Saturday Liz and I had haircut appointments down the street at Oh Ji Yeuhn Hair. Liz went first, and I grew sleepy as the proprietor cut and cut and thinned and whacked away at Liz’s amazingly thick mane of hair. Then they washed it and attacked it with two blow dryers. My turn was similar. Spritz with water bottle, cut, wash, blow dry. All in all a very serviceable haircut. And for less than eight dollars, too. Next time I might go into Seoul for an experience more like my friend Rebekah’s in Italy (see Jake and Rebekah link), but it’ll do just fine for an emergency cut. After our cuts, we walked up to the store to pick up a few things for the weekend. On our way home, I commented on having a bit of a thick throat. Within the hour, I was on my floor shivering through four layers of long underwear and sweaters topped with a coat. I tried to distract myself with logic puzzles and a movie, but as the fever got worse, so did my focus. At 9:30pm I tried calling Julian who didn’t answer. Lacking medicine and both Liz’s and Joseph’s phone numbers, I decided, in a partial state of delirium, to bundle myself up and walk to Liz’s (we all live within a block of each other). I must have been quite a sight in my flannel pajama pants and my snowboarding coat and gloves. When I got into the street and saw that Liz’s lights weren’t on, I thought I’d try Joseph even though I’d never been to his apartment, and at that point I wasn’t even sure which building was his. I knew it was one of two, so I picked the most likely and knocked lightly on a likely door. I didn’t get an answer and didn’t try anymore doors. My leg muscles completely cramped on the stairs, so I sat there for little while and moaned until I figured out that I could go down sideways and not hurt as much. I limped home and sat on the floor and moaned some more and longed for the 24-hour Walgreens of my recent past. So overcome with fever, and (somewhat melodramatically) afraid that my throat would swell shut if I went to sleep, I went BACK out, this time disregarding Liz’s extinguished lights. She wasn’t looking so hot herself but was able to give me two blessed Tylenol for the fever. I finally fell into a fitful sleep, and sometime in the early morning hours I grew warm enough to shed a few of my layers.
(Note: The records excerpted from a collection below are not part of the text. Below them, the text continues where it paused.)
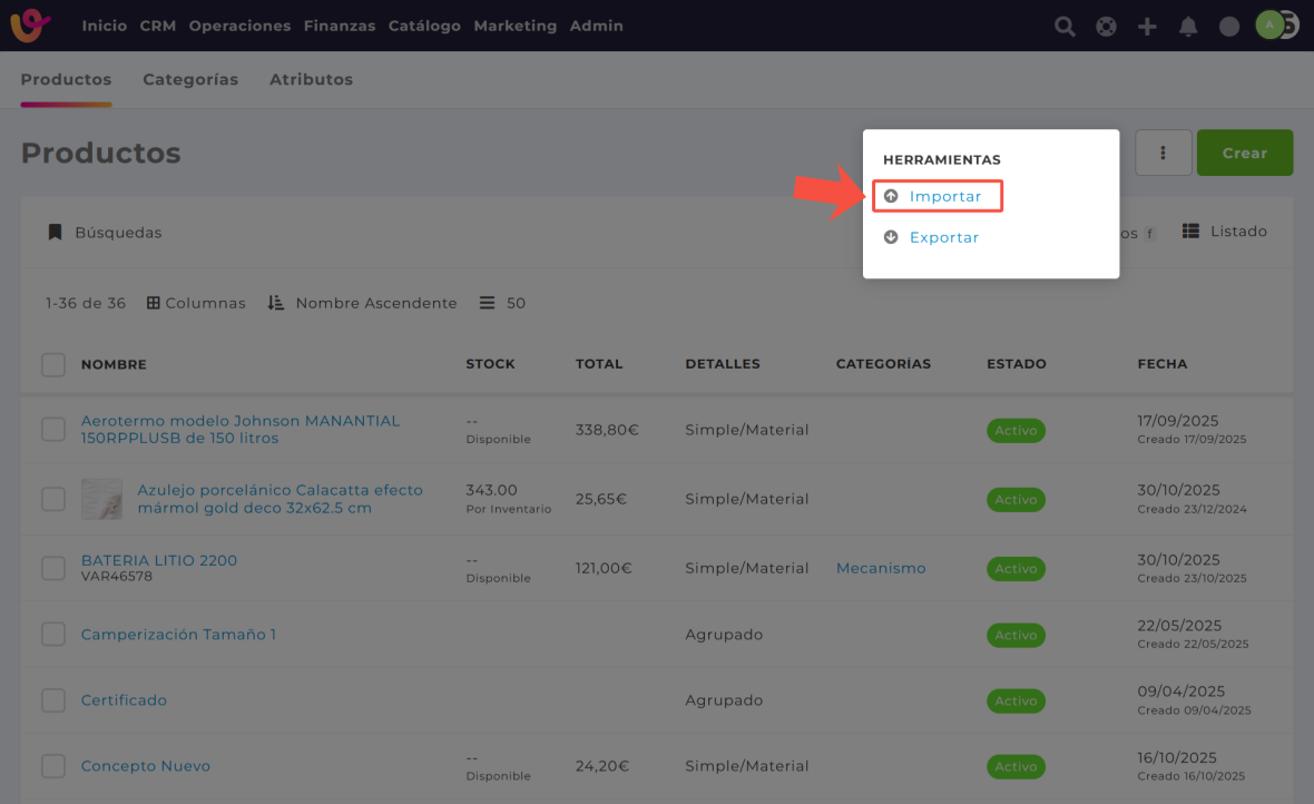 Entra en el apartado Catálogo → Productos, o haz clic directamente en este enlace:
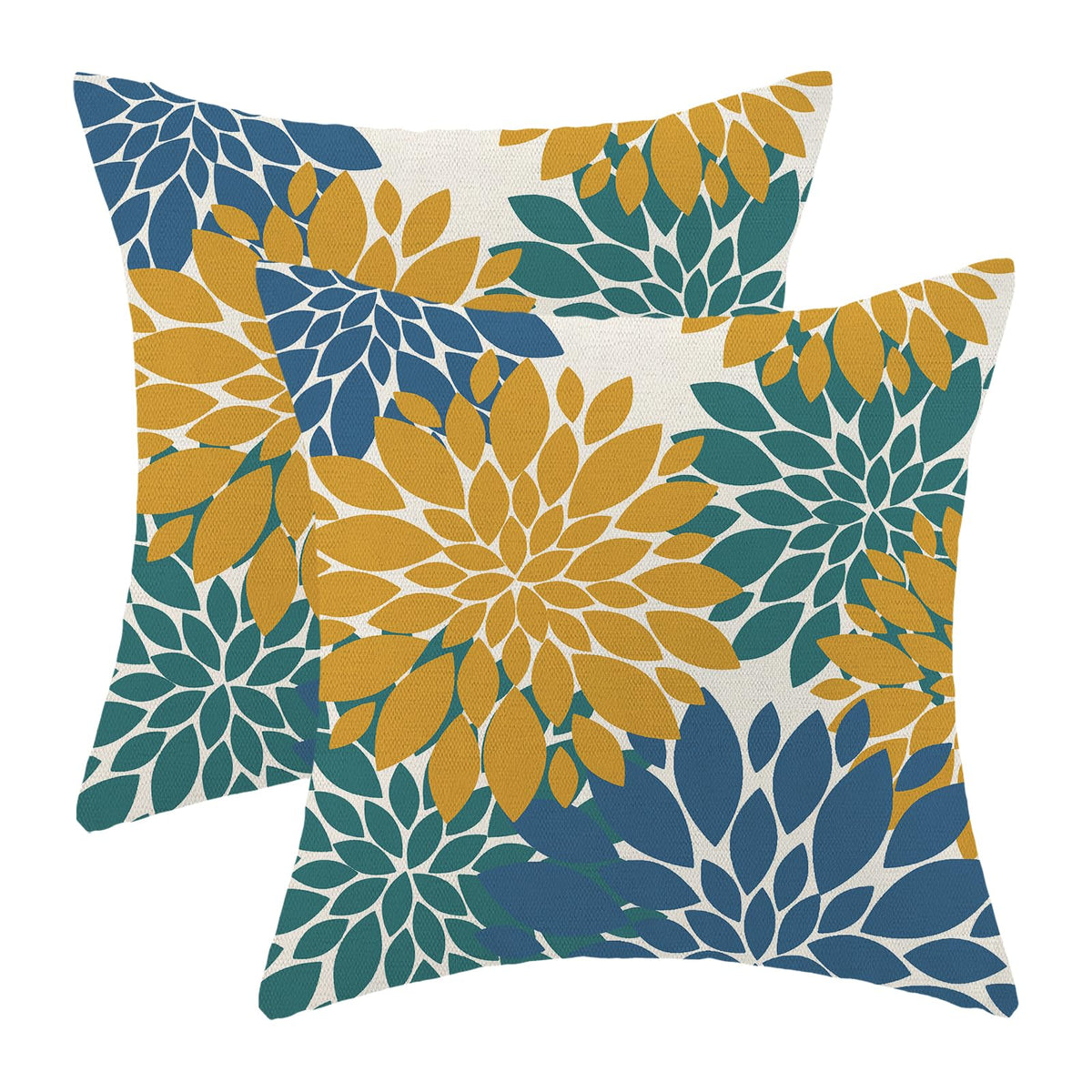 Mustard Yellow Navy Blue Pillow Covers 18X18 Inch Set Of 2 Teal Dahlia Floral Decor Throw Pillows Summer Modern Geometry Flower
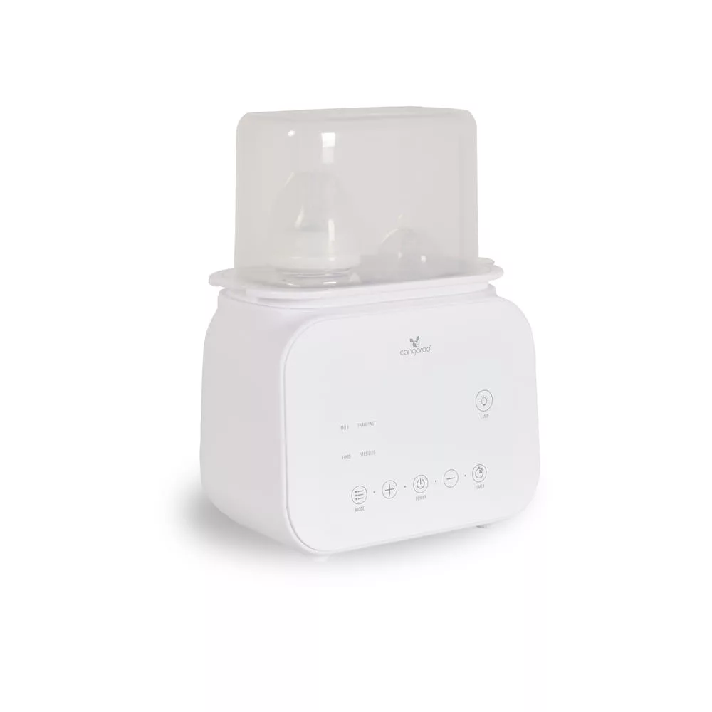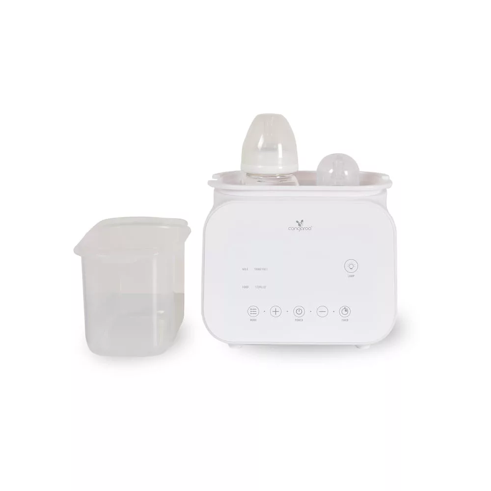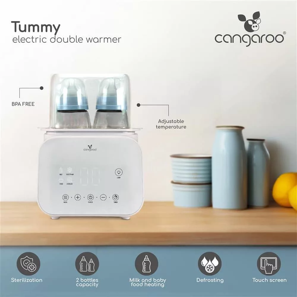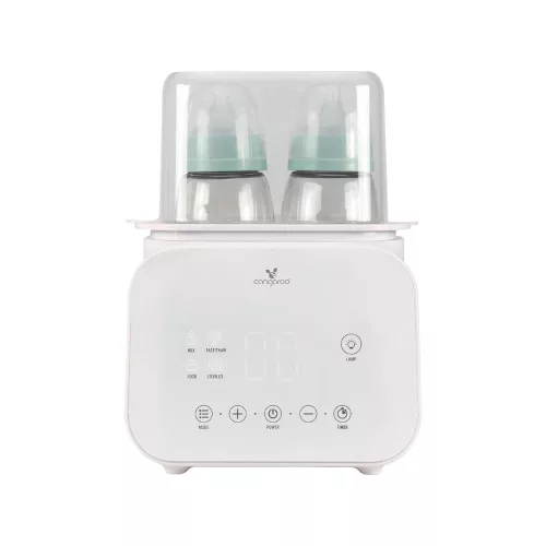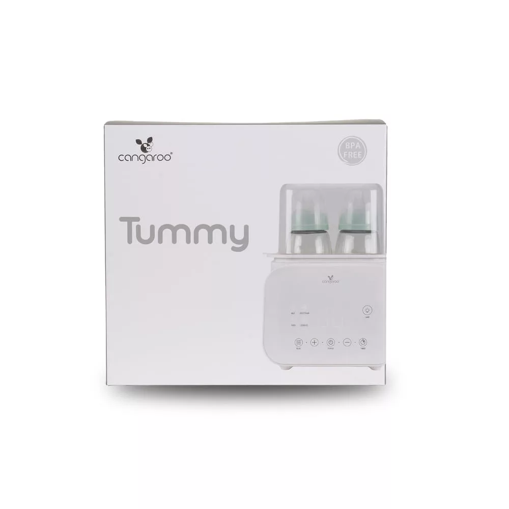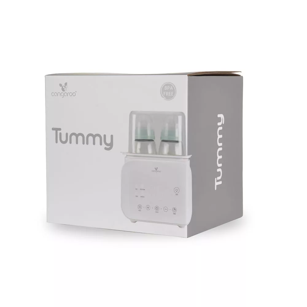 Tummy 4 az 1-ben melegítő - multifunkcionális megoldás a gondoskodó szülők számára. Egy olyan készülék, amelyet úgy terveztek, hogy megkönnyítse a babával való mindennapokat, négy alapvető funkciót egyesítve egyetlen kompakt és stílusos készülékben: 4 funkció 1-ben: - Anyatejmelegítés és tápszeres tej - Babaételek melegítése - Anyatej felolvasztása - Cumisüvegek és kiegészítők sterilizálása Legfontosabb előnyök: - Digitális vezérlőpanel érintőképernyővel a pontos és kényelmes kezeléshez. - Állítható hőmérséklet: - 35°C és 50°C között a tej felmelegítésekor - 60°C és 80°C között az ételek felmelegítésénél - Nagy kapacitás- egyszerre két cumisüveget tart meg melegítéshez vagy sterilizáláshoz - Mellékelt kosár - ideális befőttesüvegek és palackok tárolására - Körülbelül 10 perc alatt sterilizál - hatékony és gyors tisztasági ellátás - Kisebb kiegészítők, például cumi és cumik számára is alkalmas - Automatikus kikapcsolás a sterilizálás befejezése után - a nagyobb biztonság érdekében - Teljesítmény: 500W - megbízható és energiatakarékos működés
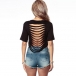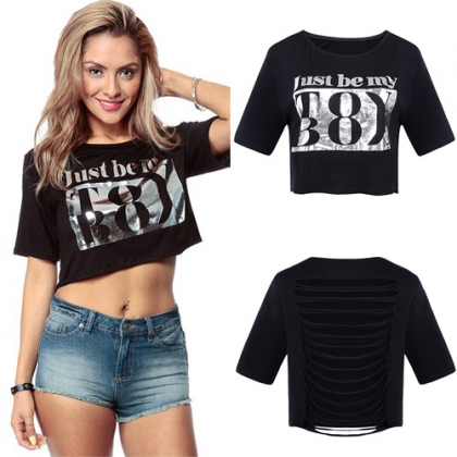 Such a chic and sexy t-shirt. Its gold-tone letters printed makes it so eye-catching. Backless style adds
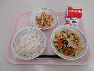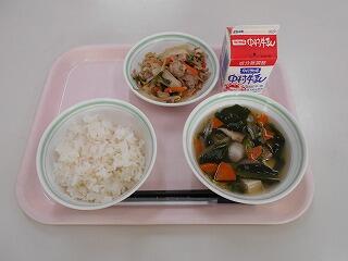 麦ごはん、牛乳、小松菜と豚肉のうま味噌炒め、吉野汁
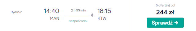 Jeżeli chodzi o powrót proponujemy lot z Birmingham do Krakowa za 109 zł* (cena regularna 156 zł) REZERWUJ====>. Wygodniejszą, ale dużo droższą opcją dla wracających do stolicy Małopolski będzie lot z Manchesteru za 472 zł REZERWUJ====>. Bezpośrednio z Manchesteru wrócimy też do Katowic za 244 zł REZERWUJ====>.

(Sidenote: this weekend was the lunar or Chinese New Year, a very big holiday in asian cultures)

I woke Sunday morning to Julian calling to ask why I had called her the night before. Ugh. An hour later I woke again, this time to my doorbell, and it was my landlord looking very dapper in a shirt and tie and sweater vest. He mimed eating and pointed upstairs, and I deduced that he was inviting me to eat with his family for the holiday. All but dead, not to mention still wearing an odd assortment of clothing, I apologetically mimed back having a fever and a swollen throat, but thank you. I was sorry I didn't feel better--I would have enjoyed the experience. About ten minutes later, he came back with a tray bearing a small platter of cut fruit, some extra un-cut apples, and some puffed rice treats. I was more than grateful, and somehow the fact that he brought me food made me feel less guilty about not going uptairs. Later that night my landlady brought down a plate of special bread. These people rank right up there with Sherie, mom.

I had Monday off for the holiday--fortunately--and spent the day sleeping and reading and ridding myself of the last clinging wisps of sickness.